WORK INSTRUCTION
What lines of the data below hold the string "that"? Copy each one out.

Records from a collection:

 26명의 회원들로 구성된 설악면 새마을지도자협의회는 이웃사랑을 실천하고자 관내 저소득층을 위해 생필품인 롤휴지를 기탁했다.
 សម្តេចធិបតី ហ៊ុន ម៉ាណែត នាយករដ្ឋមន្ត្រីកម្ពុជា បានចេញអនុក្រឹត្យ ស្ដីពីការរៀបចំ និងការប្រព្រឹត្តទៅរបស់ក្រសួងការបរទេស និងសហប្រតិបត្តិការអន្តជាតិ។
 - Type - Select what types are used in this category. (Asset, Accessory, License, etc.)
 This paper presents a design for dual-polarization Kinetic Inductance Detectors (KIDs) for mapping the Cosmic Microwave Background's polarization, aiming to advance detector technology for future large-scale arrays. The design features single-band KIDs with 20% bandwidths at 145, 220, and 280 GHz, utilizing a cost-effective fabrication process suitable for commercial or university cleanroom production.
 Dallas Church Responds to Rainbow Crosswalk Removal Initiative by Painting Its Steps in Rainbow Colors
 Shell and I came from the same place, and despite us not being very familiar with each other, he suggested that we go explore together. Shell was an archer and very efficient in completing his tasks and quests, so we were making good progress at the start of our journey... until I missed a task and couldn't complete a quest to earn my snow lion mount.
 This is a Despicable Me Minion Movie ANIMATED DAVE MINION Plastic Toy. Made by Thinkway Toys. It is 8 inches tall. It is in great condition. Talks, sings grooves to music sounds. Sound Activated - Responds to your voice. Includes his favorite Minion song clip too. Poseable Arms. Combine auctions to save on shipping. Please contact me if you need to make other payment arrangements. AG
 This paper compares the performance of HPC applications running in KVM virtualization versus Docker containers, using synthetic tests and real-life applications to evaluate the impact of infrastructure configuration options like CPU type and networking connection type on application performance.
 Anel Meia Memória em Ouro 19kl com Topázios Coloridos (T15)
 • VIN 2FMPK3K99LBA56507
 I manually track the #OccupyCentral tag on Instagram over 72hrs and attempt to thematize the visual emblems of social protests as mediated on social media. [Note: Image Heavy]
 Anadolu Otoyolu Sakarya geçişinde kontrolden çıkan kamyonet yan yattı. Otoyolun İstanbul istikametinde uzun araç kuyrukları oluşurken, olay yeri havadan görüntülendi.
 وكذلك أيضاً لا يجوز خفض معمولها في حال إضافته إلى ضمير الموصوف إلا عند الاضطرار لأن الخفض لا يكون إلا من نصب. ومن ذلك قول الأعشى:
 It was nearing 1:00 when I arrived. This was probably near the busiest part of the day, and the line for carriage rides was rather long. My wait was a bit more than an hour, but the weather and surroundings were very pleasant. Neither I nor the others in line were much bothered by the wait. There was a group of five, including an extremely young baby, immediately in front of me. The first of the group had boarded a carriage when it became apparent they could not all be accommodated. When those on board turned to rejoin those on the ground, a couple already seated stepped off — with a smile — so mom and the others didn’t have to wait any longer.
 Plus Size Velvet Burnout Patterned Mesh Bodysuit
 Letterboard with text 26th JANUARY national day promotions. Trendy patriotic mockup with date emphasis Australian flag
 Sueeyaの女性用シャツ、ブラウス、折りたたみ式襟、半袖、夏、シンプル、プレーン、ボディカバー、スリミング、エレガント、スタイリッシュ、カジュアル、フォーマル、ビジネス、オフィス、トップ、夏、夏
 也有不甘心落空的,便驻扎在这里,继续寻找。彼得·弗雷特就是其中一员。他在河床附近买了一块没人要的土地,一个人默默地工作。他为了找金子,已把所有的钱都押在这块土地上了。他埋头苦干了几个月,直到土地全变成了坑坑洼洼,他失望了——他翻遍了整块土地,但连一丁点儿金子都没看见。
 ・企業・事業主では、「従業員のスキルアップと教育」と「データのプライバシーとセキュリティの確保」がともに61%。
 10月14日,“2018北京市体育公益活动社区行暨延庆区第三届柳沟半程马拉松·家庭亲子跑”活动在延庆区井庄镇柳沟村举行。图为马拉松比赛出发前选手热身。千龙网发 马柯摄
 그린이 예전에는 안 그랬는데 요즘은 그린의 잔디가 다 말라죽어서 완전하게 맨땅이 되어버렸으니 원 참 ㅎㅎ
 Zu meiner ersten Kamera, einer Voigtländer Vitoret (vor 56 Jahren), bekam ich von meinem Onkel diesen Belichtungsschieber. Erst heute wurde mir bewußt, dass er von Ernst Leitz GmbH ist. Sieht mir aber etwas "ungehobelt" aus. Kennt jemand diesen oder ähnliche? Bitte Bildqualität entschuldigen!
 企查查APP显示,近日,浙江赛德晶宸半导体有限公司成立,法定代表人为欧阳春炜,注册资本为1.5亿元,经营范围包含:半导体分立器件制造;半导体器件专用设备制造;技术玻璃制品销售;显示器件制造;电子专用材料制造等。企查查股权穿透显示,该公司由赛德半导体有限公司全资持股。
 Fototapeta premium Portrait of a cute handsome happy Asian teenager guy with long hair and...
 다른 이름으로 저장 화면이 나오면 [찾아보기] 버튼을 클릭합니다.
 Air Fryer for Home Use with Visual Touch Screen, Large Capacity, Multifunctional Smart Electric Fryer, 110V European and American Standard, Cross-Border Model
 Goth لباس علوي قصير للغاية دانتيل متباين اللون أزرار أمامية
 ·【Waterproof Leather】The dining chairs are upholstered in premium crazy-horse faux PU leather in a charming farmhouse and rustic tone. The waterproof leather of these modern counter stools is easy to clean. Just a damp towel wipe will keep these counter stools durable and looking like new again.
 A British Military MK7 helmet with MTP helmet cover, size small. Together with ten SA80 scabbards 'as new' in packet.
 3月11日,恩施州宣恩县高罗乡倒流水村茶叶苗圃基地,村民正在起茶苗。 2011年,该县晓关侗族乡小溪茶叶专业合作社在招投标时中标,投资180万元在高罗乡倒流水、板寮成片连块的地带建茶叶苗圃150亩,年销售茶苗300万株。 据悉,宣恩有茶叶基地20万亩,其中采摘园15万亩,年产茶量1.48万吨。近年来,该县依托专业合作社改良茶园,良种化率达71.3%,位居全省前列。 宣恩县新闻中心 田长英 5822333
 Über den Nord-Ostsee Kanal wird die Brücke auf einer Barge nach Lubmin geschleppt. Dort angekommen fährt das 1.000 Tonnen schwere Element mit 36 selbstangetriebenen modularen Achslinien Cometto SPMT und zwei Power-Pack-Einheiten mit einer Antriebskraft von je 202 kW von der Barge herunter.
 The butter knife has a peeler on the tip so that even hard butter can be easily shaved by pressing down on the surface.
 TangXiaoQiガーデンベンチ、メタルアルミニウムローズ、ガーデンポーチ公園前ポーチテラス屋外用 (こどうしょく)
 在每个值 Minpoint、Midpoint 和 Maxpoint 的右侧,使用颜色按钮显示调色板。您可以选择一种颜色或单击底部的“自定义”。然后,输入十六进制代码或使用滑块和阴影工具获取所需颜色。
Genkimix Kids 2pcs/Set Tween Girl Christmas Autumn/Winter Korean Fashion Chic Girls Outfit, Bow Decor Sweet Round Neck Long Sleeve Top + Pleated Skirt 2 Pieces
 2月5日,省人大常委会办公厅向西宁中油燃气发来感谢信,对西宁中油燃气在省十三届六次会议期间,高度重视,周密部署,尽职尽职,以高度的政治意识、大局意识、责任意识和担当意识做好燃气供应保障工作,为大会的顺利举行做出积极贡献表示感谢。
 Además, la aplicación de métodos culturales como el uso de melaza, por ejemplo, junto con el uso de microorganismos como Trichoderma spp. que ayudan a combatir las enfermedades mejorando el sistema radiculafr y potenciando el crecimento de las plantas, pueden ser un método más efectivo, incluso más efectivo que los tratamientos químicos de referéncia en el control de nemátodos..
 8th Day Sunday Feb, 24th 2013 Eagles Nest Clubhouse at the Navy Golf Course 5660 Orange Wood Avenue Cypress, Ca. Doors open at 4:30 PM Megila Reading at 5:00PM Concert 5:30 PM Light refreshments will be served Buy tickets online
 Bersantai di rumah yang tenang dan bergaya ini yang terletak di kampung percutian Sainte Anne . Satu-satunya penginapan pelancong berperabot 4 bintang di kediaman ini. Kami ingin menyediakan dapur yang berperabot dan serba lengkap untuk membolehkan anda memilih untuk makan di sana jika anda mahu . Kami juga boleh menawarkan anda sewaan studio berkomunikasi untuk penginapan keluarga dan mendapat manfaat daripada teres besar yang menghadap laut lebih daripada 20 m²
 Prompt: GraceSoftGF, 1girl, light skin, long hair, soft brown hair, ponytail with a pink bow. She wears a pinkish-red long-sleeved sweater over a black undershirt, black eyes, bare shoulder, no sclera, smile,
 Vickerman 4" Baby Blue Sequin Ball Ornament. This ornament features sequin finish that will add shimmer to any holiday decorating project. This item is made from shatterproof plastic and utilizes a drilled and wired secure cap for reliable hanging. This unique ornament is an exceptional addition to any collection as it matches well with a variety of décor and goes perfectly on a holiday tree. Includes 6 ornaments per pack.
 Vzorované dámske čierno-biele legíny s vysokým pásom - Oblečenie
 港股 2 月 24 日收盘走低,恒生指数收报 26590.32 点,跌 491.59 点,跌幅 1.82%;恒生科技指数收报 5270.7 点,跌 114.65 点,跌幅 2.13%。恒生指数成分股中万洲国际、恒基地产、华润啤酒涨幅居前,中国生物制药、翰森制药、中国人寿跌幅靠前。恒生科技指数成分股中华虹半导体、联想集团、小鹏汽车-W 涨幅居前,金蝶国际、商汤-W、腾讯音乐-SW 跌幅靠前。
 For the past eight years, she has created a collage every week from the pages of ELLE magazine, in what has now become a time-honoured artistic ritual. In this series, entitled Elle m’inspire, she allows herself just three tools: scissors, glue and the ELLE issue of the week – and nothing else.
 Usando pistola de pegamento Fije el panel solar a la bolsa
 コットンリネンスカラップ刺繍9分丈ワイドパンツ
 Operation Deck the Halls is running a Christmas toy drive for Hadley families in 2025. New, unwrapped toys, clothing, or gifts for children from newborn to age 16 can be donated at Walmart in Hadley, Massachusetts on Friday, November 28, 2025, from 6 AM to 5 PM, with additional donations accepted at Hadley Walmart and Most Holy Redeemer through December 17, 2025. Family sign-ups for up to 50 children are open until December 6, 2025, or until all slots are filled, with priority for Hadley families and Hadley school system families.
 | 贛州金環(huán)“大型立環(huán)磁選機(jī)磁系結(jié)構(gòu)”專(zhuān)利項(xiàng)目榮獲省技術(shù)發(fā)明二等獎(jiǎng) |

ANSWER AREA
 Shell and I came from the same place, and despite us not being very familiar with each other, he suggested that we go explore together. Shell was an archer and very efficient in completing his tasks and quests, so we were making good progress at the start of our journey... until I missed a task and couldn't complete a quest to earn my snow lion mount.
 The butter knife has a peeler on the tip so that even hard butter can be easily shaved by pressing down on the surface.
 Vickerman 4" Baby Blue Sequin Ball Ornament. This ornament features sequin finish that will add shimmer to any holiday decorating project. This item is made from shatterproof plastic and utilizes a drilled and wired secure cap for reliable hanging. This unique ornament is an exceptional addition to any collection as it matches well with a variety of décor and goes perfectly on a holiday tree. Includes 6 ornaments per pack.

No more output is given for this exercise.